Histologic muscular history in steroid-treated and untreated patients with Duchenne dystrophy

Lorenzo Peverelli  1 Silvia Testolin  1 Luisa Villa  1 Adele D'Amico  1 Stefania Petrini  1 Chiara Favero  1 Francesca Magri  1 Lucia Morandi  1 Marina Mora  1 Tiziana Mongini  1 Enrico Bertini  1 Monica Sciacco  1 Giacomo P Comi  1 Maurizio Moggio  2
Affiliations

Histologic muscular history in steroid-treated and untreated patients with Duchenne dystrophy

Lorenzo Peverelli et al. Neurology. .

Abstract

Objective: Duchenne muscular dystrophy (DMD) is a lethal disease. The outcome measures used in numerous therapeutic trials include skeletal muscle biopsy. We studied the natural history of DMD from the standpoint of muscle histology with the aim of providing a reproducible tool for use in evaluating and comparing any histologic changes occurring in patients with DMD undergoing treatment and hence be able to determine how therapy modulates the histologic evolution of the disease.

Methods: Three independent operators analyzed 56 muscle biopsies from 40 patients not treated with steroids, aged 1 to 10 years and 16 individuals treated with steroids, aged 7 to 10 years. We analyzed morphologic measures, normalized every measure for the average number of fibers observed for each year of age, and calculated intraclass correlation coefficients.

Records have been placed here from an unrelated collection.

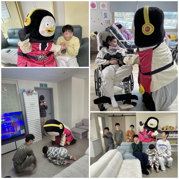 ![]() ◆한복 입은 펭수와 함께한 특별한 세배 명절의 흥을 한껏 더해주신 분들도 있었어요! 다솜나눔봉사단에서 직접 방문해 주셨는데, 놀랍게도 한복을 곱게 차려입은 펭수와 함께 오셨답니다! 펭수의 등장에 생활동이 순식간에 웃음과 탄성으로 가득 찼어요. 함께 간식을 나누고 세배도 드리며 명절의 흥이 절로 올랐답니다. 명절 기간, 바쁘신 중에도 홀트 가족들을 만나러 발걸음 해 주신 다솜나눔봉사단 여러분께 진심으로 감사드려요. 덕분에 더욱 환하고 즐거운 설 명절이 되었습니다. ![]()
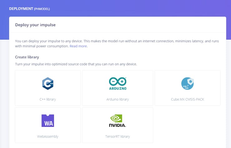 該模型已被證明是可靠的,因此我已將其部署到 Arduino。左側(cè)菜單的“部署”部分幫助我做到了這一點。我可以選擇將沖動部署為庫或固件,我決定創(chuàng)建一個 Arduino 庫,這樣我就可以將它包含在我的草圖中。
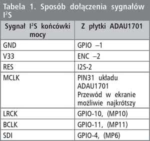 Moduł końcówki mocy I²S jest zmontowany na niewielkiej dwustronnej płytce drukowanej, Rozmieszczenie elementów pokazano na rysunku 2. Montaż jest typowy i nie wymaga opisu. Należy zwrócić uwagę na poprawne przylutowanie padu termicznego. Zmontowany moduł nie wymaga uruchamiania. Dla sprawdzenia poprawności funkcjonowania konieczne jest wykonanie kilku połączeń z płytką bazową ADAU1701 lub bezpośrednio z modułem ADAU1701, zgodnie z informacjami umieszczonymi w tabeli 1. Wszystkie połączenia powinny być możliwie najkrótsze.
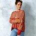 Claudine is a long sleeved oversized sweater. It features a 3 colour stripe pattern.
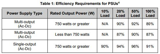 4.0 版本把電源輸出以750W 為界限劃定了不同的能效要求:
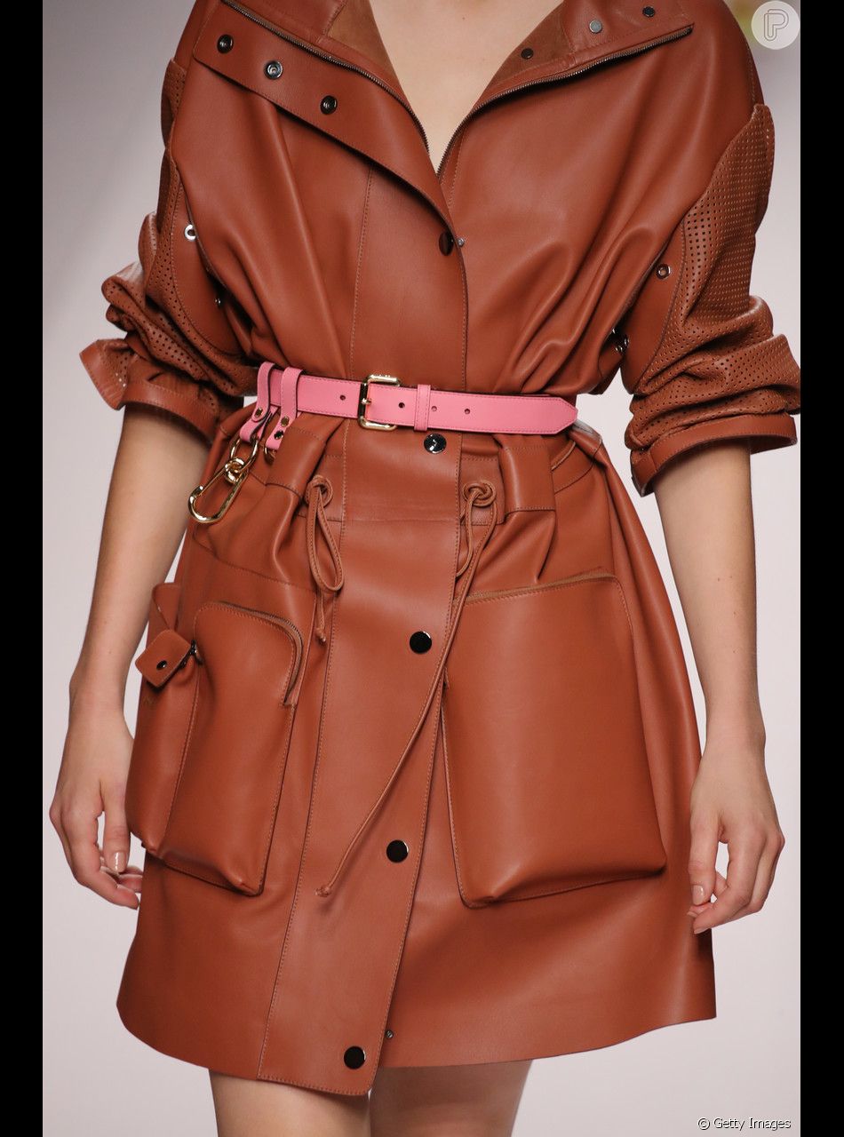 A Fendi também apostou no vestido de couro em tom terroso, puxado para o caramelo, para um look de verão mais chique - Purepeople vestido de couro caramelo
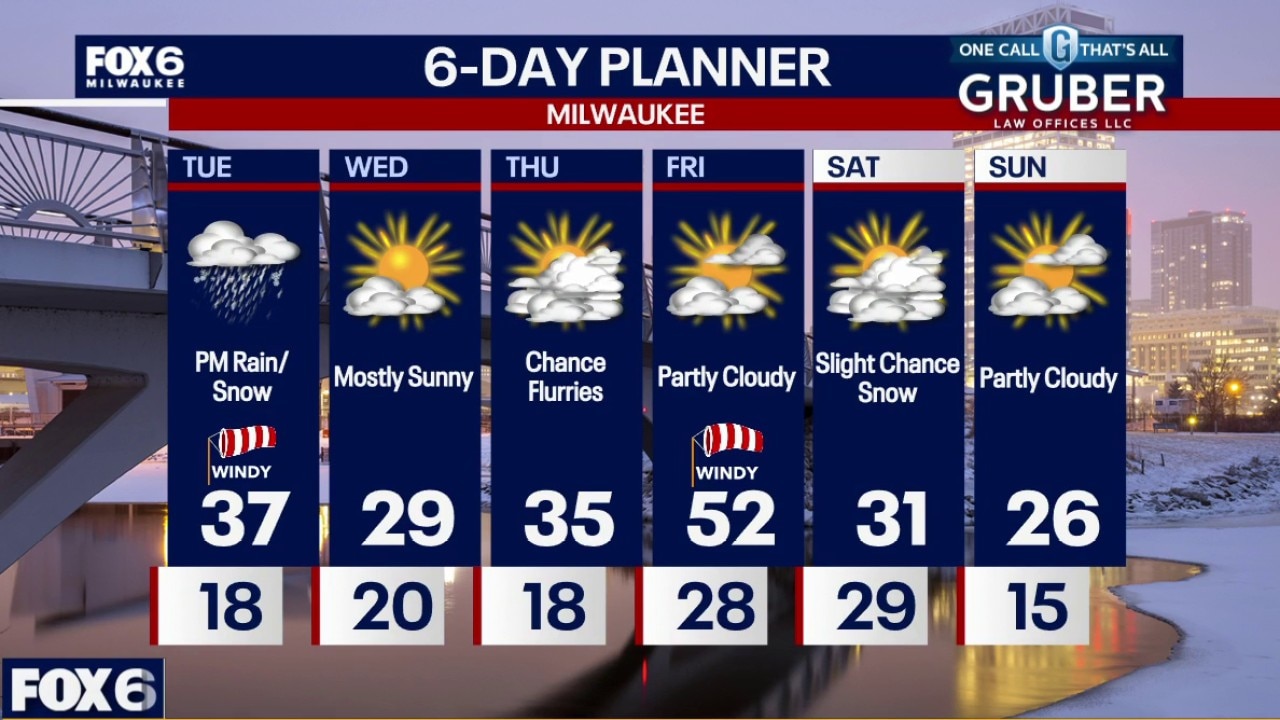 Windy on Tuesday and warmer with highs in the upper 30s. Snow moves in after 2pm (possibly some rain mixed in). This will impact the evening commute with low visibility. Around 0.5" of snow is possible with a quick-moving band from northwest to southeast.

Results: The average proportion of connective tissue in patients not treated with steroids was 16.98% from ages 1 to 6 years and 30% from ages 7 to 10 years (p < 0.0001). The average proportion in patients treated with steroids was 24.90%. Muscle fiber area mirrored that of connective tissue in both groups.

Conclusions: Having provided a reproducible tool for evaluation and comparison of histologic changes occurring in patients undergoing clinical trials, it was observed that at ages 6 to 7 years, fibrotic tissue rapidly peaks to 29.85%; this is a crucial moment when muscle tissue loses its self-regeneration ability, veering toward fibrotic degeneration. These data should be considered when deciding the most suitable time to begin therapy.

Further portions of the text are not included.